Task: From the top of the entries, reproduce each line exactly, stopping after the line that contains "Early Career Teacher". Omit pictures.

%%

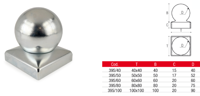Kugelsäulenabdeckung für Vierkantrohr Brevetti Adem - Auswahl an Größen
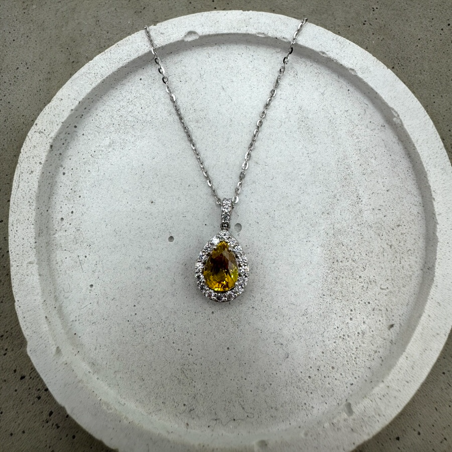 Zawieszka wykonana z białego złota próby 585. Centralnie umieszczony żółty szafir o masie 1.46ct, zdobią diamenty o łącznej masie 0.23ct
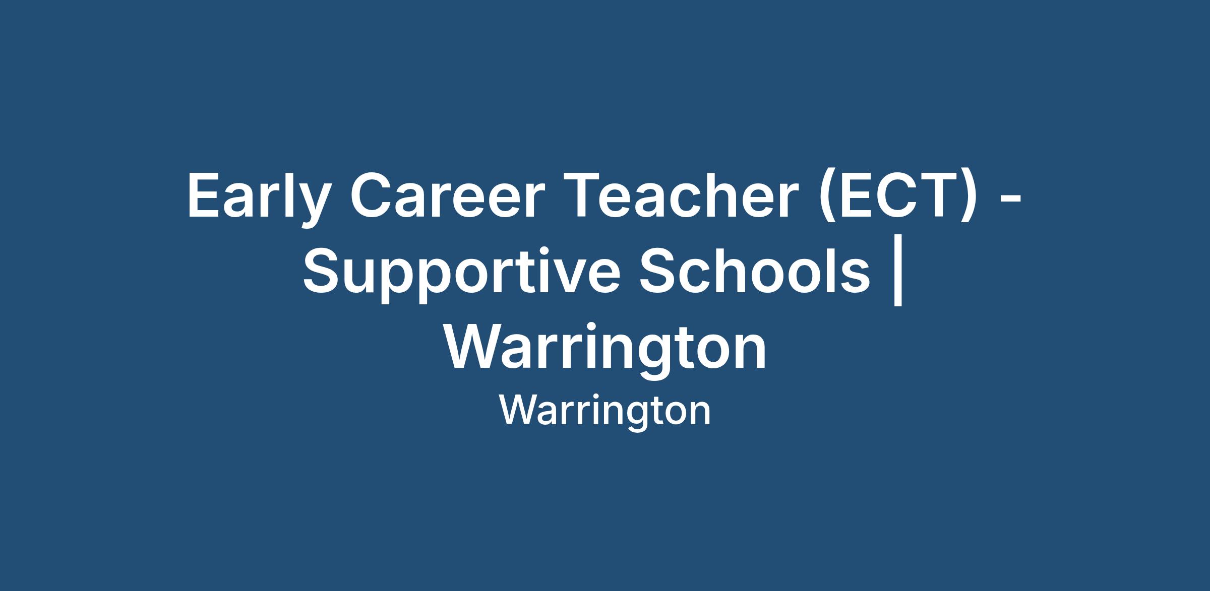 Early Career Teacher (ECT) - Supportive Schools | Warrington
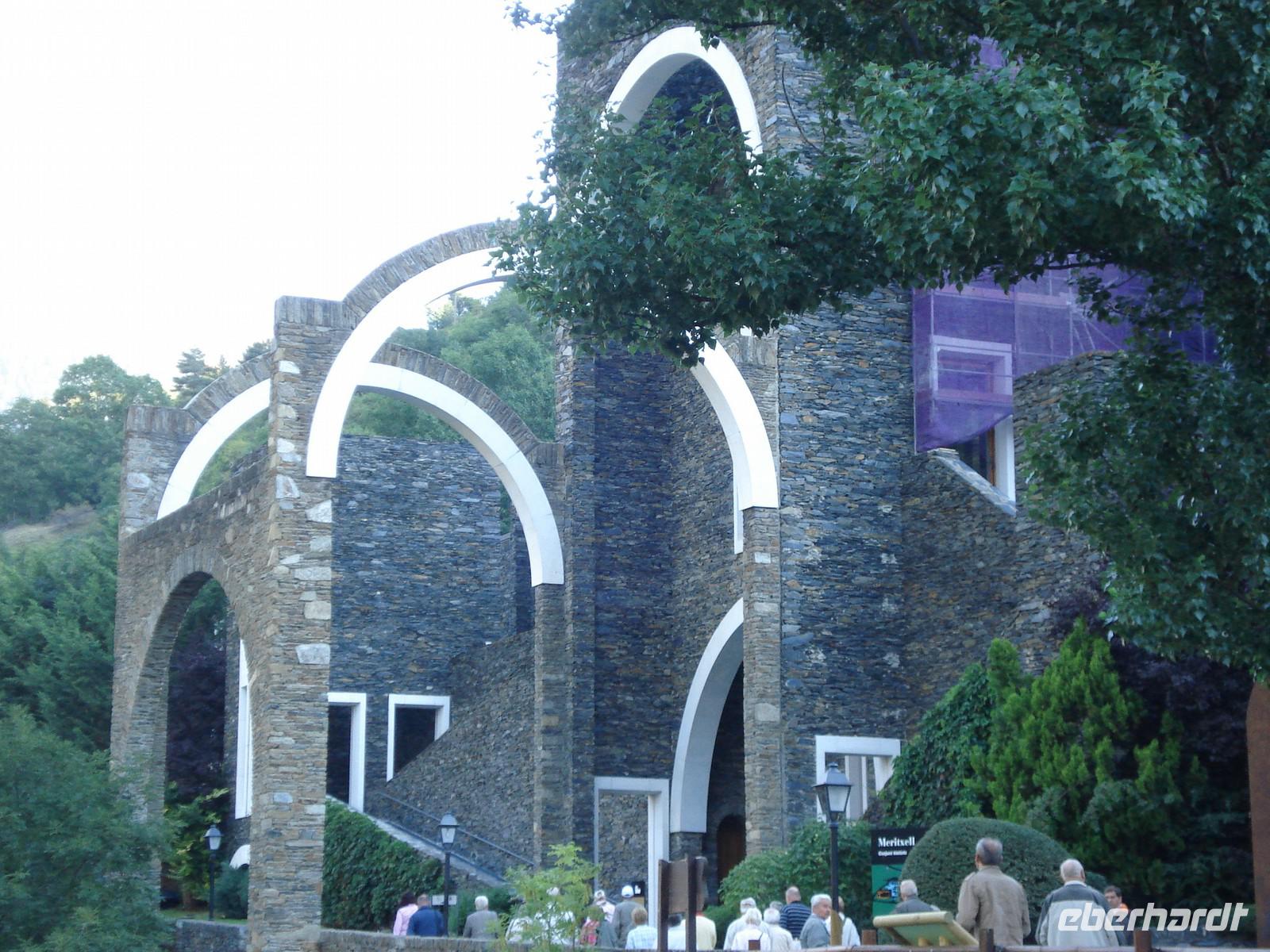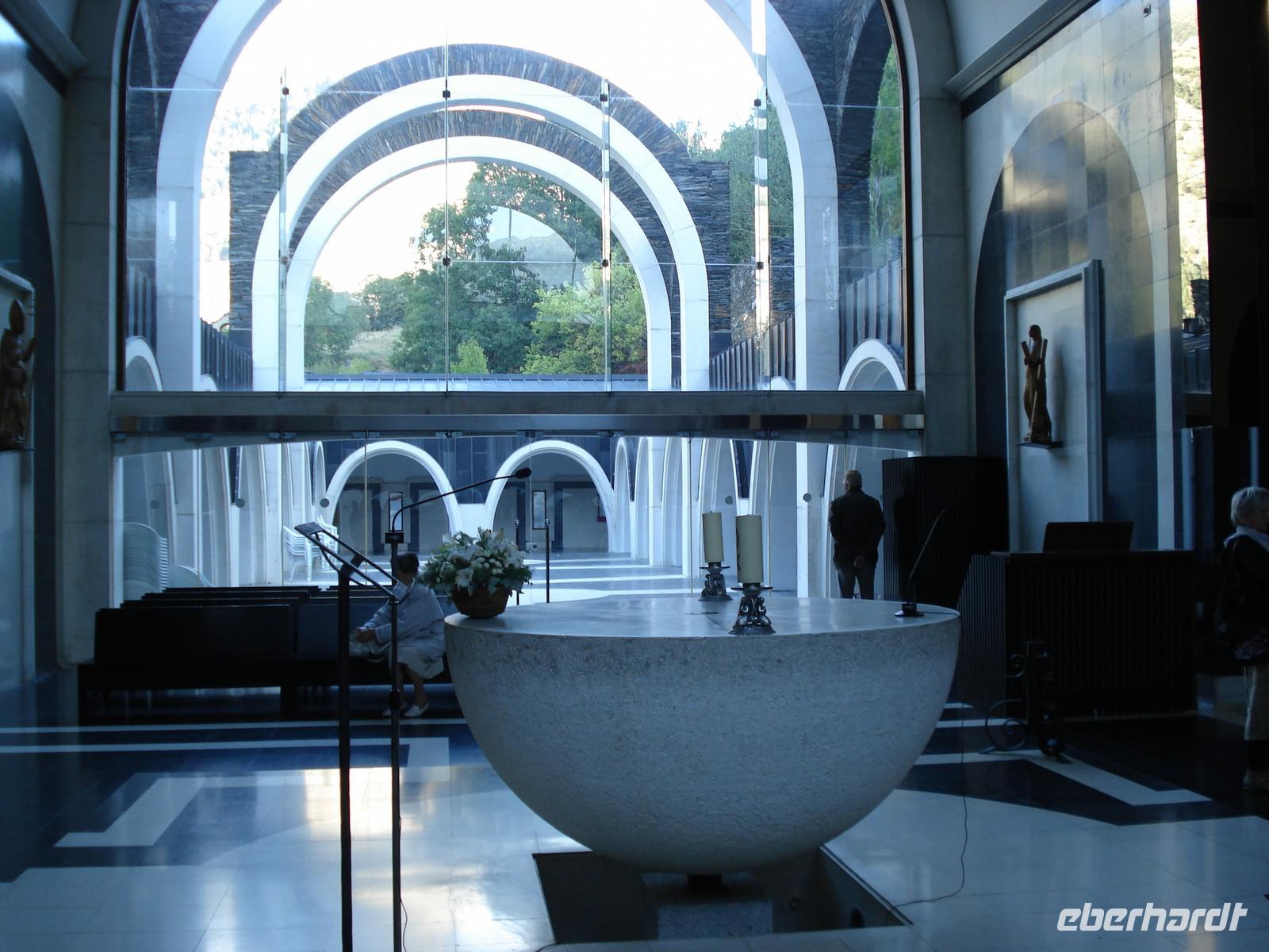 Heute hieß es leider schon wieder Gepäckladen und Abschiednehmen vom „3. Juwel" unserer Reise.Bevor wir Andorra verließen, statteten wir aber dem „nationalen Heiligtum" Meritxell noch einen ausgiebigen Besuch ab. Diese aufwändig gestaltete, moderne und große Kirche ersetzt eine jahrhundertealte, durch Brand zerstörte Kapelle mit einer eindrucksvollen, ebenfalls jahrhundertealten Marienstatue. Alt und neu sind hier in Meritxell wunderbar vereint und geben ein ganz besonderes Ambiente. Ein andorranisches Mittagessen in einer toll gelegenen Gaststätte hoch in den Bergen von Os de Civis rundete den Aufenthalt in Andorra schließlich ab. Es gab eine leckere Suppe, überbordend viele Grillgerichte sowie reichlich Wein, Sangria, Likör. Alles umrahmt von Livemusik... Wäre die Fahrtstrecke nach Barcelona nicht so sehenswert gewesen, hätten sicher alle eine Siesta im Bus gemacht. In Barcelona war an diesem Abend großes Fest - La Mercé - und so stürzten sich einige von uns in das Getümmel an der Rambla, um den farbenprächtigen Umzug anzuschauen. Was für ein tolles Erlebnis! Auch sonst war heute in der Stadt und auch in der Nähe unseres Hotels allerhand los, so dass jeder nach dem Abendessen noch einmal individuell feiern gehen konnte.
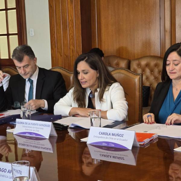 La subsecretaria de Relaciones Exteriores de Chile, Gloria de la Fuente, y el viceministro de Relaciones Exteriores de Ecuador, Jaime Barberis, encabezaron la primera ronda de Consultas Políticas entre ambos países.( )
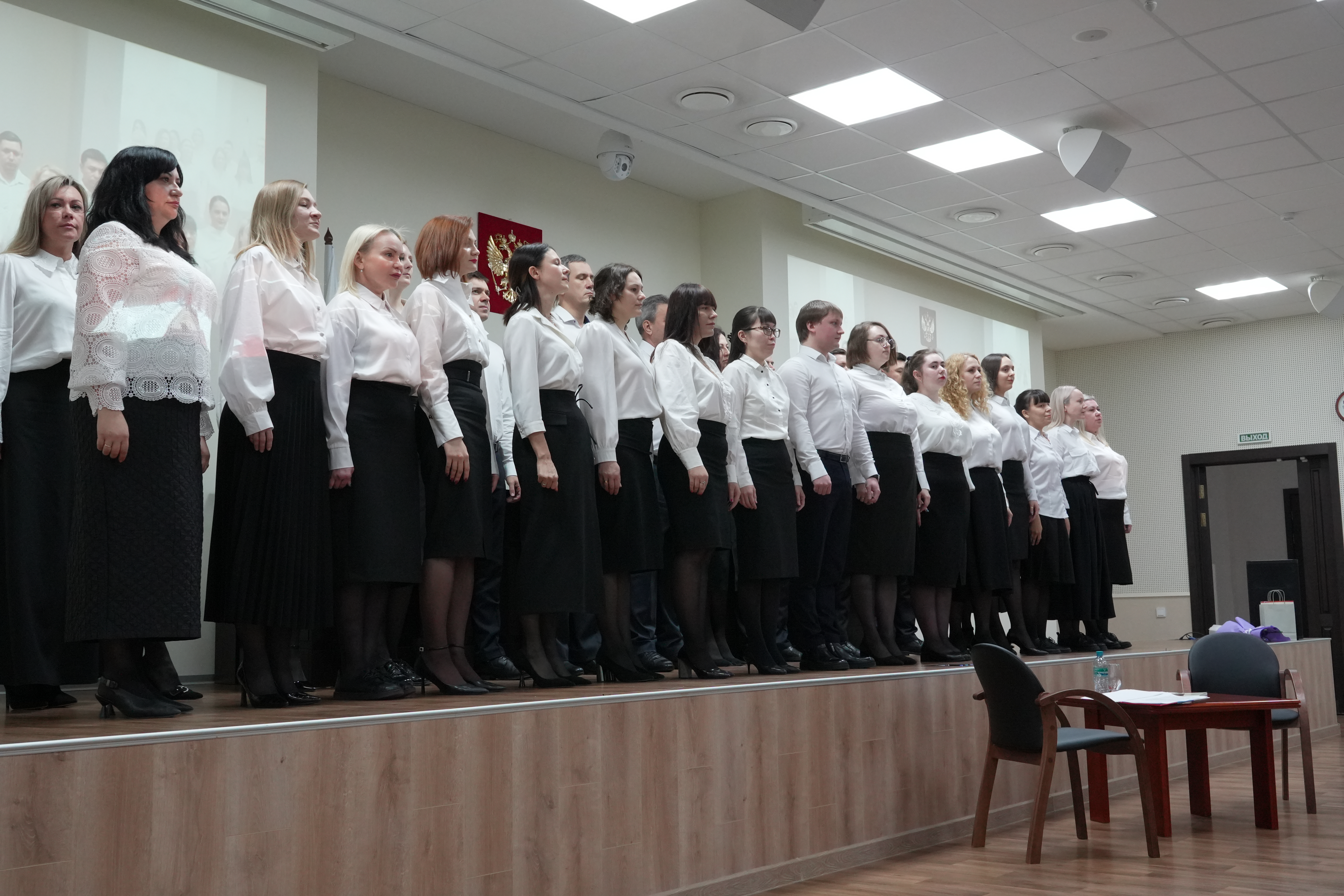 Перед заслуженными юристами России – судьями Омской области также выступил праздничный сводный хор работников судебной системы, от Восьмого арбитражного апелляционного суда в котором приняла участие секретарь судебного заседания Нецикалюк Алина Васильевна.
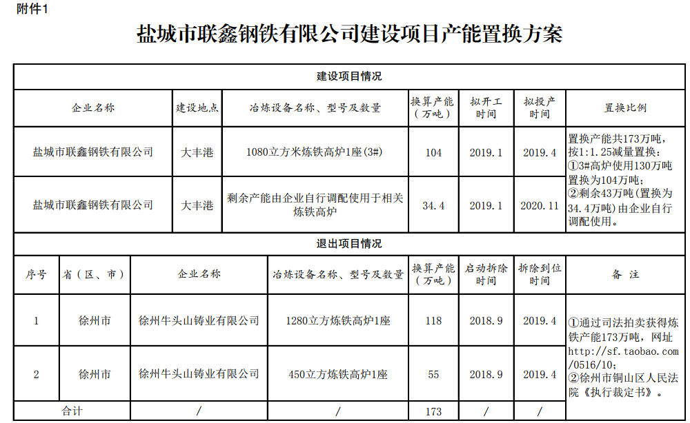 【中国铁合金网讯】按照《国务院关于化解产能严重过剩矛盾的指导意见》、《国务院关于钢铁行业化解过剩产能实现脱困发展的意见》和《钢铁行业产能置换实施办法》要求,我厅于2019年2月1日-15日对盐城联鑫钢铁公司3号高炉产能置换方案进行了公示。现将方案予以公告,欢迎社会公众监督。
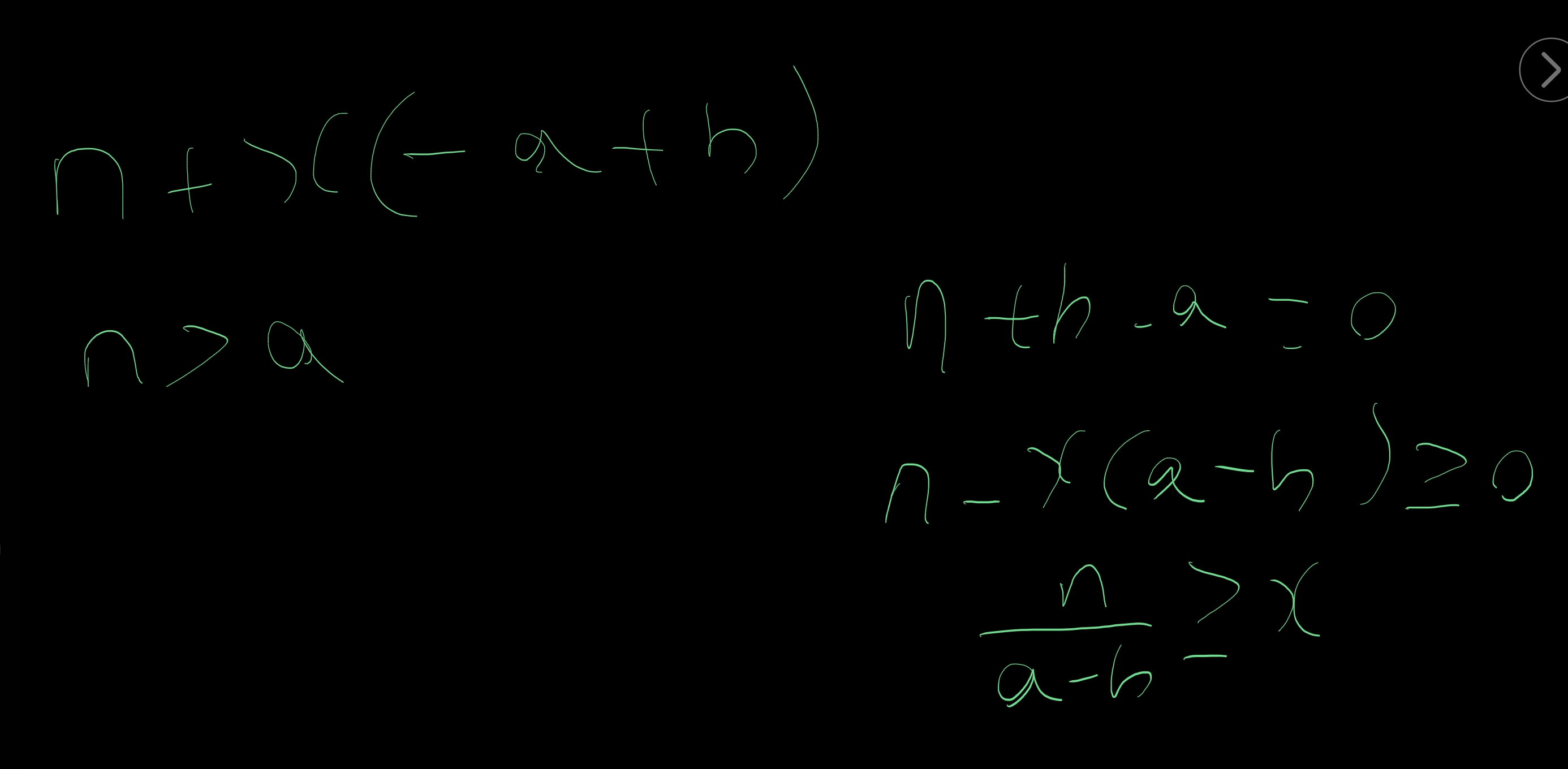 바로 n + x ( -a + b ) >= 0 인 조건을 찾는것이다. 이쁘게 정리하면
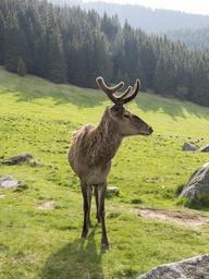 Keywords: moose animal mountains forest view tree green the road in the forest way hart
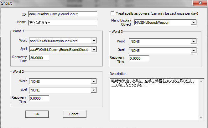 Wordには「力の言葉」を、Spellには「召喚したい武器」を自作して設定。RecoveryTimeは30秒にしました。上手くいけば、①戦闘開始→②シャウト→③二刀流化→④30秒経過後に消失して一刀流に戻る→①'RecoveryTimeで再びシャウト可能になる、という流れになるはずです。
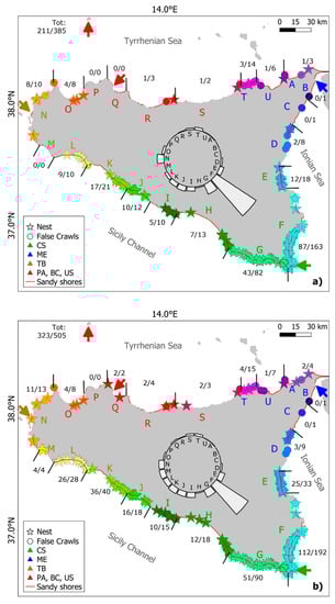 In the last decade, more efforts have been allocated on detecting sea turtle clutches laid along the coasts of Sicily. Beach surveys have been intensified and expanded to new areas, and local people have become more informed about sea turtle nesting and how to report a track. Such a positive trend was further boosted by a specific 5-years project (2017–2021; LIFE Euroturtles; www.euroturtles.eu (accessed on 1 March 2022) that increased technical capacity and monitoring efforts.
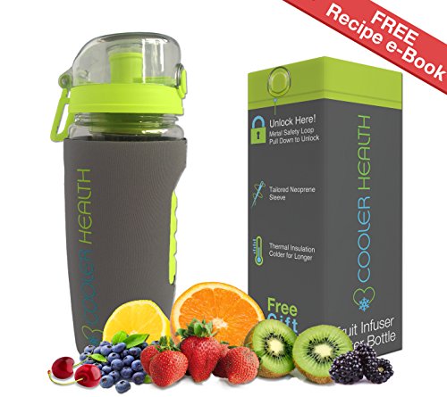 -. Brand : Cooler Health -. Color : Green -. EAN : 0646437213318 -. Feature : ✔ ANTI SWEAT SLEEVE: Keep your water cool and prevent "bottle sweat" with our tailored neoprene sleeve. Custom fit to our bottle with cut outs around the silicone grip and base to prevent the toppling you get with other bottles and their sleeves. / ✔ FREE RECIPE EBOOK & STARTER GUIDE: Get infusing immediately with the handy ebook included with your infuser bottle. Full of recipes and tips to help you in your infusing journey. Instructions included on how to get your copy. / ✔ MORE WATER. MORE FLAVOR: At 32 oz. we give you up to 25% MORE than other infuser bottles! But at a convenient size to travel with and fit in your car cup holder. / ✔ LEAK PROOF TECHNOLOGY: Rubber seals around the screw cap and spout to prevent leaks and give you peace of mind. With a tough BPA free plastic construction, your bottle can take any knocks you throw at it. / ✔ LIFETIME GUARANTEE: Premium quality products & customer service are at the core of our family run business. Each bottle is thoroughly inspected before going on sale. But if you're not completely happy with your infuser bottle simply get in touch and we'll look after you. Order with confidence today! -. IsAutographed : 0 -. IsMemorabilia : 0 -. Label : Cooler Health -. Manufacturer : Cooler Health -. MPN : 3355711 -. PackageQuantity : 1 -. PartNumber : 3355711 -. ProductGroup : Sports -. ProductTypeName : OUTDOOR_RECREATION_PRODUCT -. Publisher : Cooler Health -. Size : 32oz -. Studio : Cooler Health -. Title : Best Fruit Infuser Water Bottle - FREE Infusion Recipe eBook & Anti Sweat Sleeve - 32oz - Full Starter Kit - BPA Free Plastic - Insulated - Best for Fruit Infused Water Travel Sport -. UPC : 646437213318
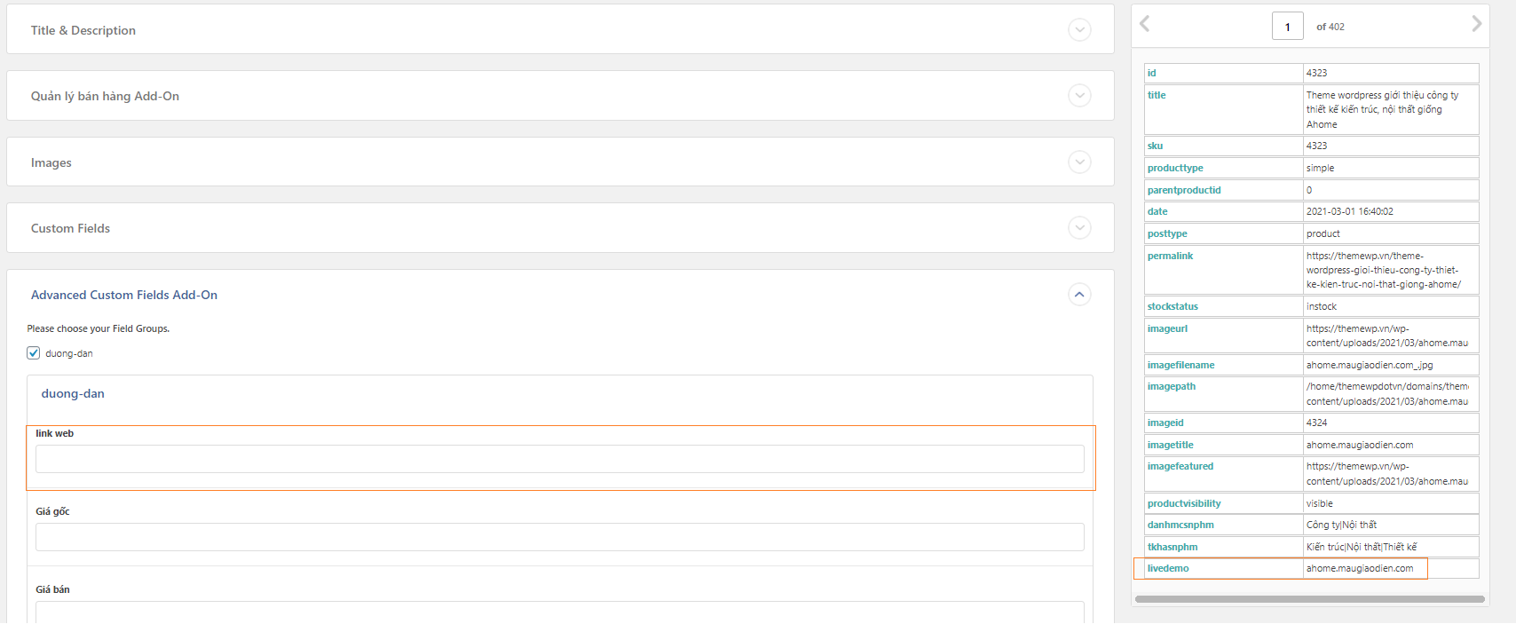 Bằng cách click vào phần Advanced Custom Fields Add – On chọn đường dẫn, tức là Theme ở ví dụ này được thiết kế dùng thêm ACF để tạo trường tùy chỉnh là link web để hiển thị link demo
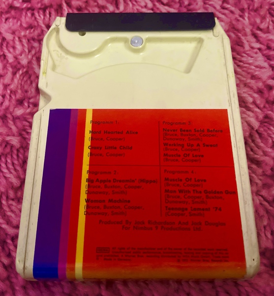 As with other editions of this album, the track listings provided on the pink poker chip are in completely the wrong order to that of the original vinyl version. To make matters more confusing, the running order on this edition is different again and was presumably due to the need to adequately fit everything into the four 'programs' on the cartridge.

%%

Answer to the problem:
Kugelsäulenabdeckung für Vierkantrohr Brevetti Adem - Auswahl an Größen
 Zawieszka wykonana z białego złota próby 585. Centralnie umieszczony żółty szafir o masie 1.46ct, zdobią diamenty o łącznej masie 0.23ct
 Early Career Teacher (ECT) - Supportive Schools | Warrington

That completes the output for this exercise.